Take care of your whole body. I believe that how we treat the whole body affects every aspect of our health. I may have problems with my knees, but am amazed at how much better they do when I live right. A healthy diet, the right kind of exercise, lots of water, adequate sleep, avoiding junk food, getting outdoors into the fresh air and spending time with God not only helps my knees, but my attitude.

Don’t feel sorry for yourself—for too long. I’ll admit that there are days when I feel a bit sorry for myself. If a group of friends is going on a long hike or playing a sport that my knees can’t take, it can make me sad. But being sad doesn’t do me any good. So I do my best to choose to be happy for them, and find other activities that I can do.

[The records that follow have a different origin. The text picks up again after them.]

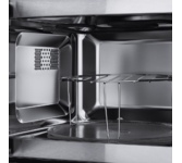 Общие данные: Габариты: 38.2x54.9x31.6 см Объем: 20 л Тип управления: электронный Режимы работы: соло + гриль Мощность микроволн: 1200 Вт Мощность гриля: 1000 Вт Режимы работы: Размораживание по весу Размораживание по времени Автоматические программы: 8 Режимы автоматического разогрева: 2 Управление и функции: Дисплей Тип дисплея: LED Цвет светящихся символов: Белый Звуковой сигнал Индикация времени до конца программы Индикация включения Индикация режима работы Таймер продолжительности работы Опция быстрого старта Защита от детей Элементы управления: Кнопки; Поворотные переключатели Встроенные часы Экранное меню: Не русифицированное; Пиктограммы Дополнительная информация: Вес нетто (кг): 12 Кабель питания: Со штепселем Тип открывания дверцы: Кнопка Напряжение: 220 В Частота: 50 Гц Материал поворотного стола: Стекло Внутреннее покрытие: Нержавеющая сталь Цвет фурнитуры: Черный Комплектация: Решетка для гриля Руководство по эксплуатации
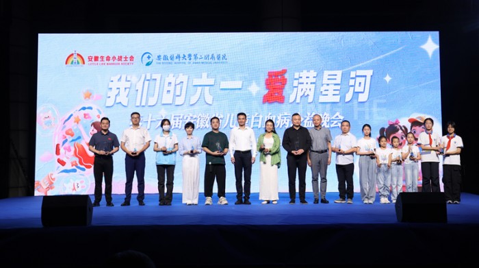 5月30日晚,在“六一”国际儿童节即将到来之际,“我们的六一·爱满星河”——第十六届安徽省儿童白血病主题公益晚会在我校第二附属医院南广场如期举行。安徽省残疾人福利基金会副理事长董介林,校党委书记王琦,新华社安徽分社党组成员、副社长、总编辑李亚彪,安徽省卫健委二级巡视员郭德春,安徽省红十字会党组成员、秘书长曹芦松等出席晚会。儿童白血病患者及家长、医护人员、爱心大使、志愿者代表、爱心企业团体代表、各媒体记者等近千人参加晚会活动。安徽省儿童白血病公益“爱心大使”阿进、刘杨波担纲主持。
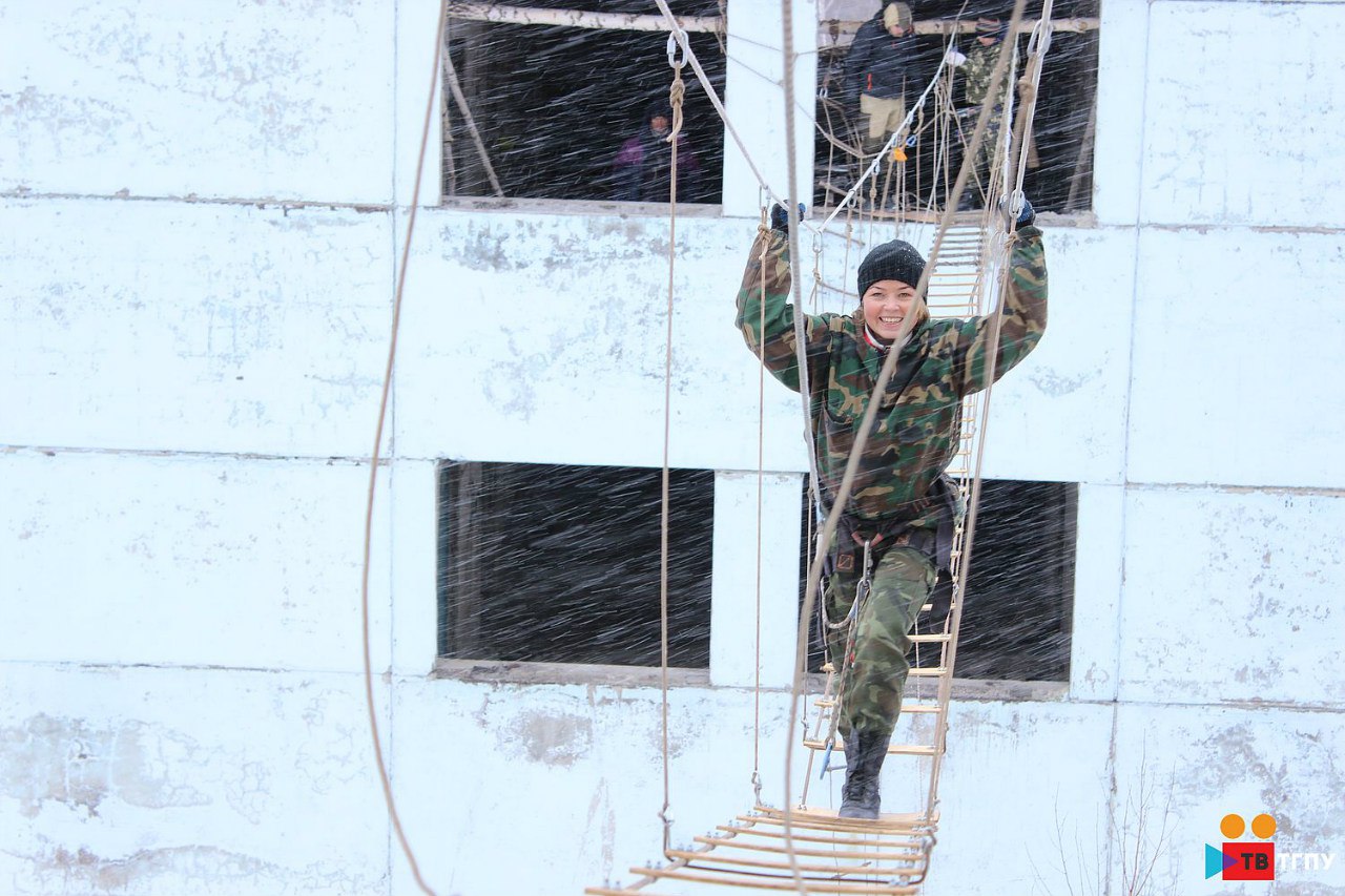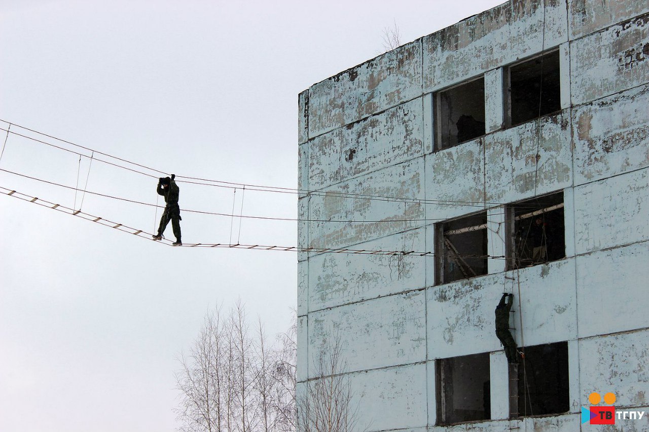 Настоящим испытанием стало для участников «Штурма» прохождение туристской тропы. По веревочной лестнице студентам предстояло взобраться на третий этаж здания и пересечь поле, пройдя по подвесному мосту. Однако, следуя девизу истинного бойца: «Побороть страх и одержать победу!», штурмовики ТГПУ ринулись в бой и смело преодолели поставленные перед ними препятствия.

Do the things you love to do—but differently. I love to work in my flower garden. When I was diagnosed last spring, I wondered how I would keep up my hobby. “Easy,” I thought to myself. “I can’t kneel or get up and down from a stool without pain, but I can sit on the ground…and I can scoot!” And that’s how I cared for my flowers last summer.

Go for it!—but only sometimes. Living with chronic pain is tough, but I’ve decided not to be a victim. Sometimes, I’ll even say yes to doing something I know will possibly give me a few days of more intense pain, but won’t damage my knees. Like riding horses with my cousins recently. But it was worth it! And it gave me new energy to work even harder at my physical therapy.

If you live with chronic pain, you’re not alone. Millions of people live with varying degrees. It’s what we do with it that matters. We can learn from it, help others through it and become stronger emotionally and spiritually from it--until the day comes when Jesus will take all our pain away.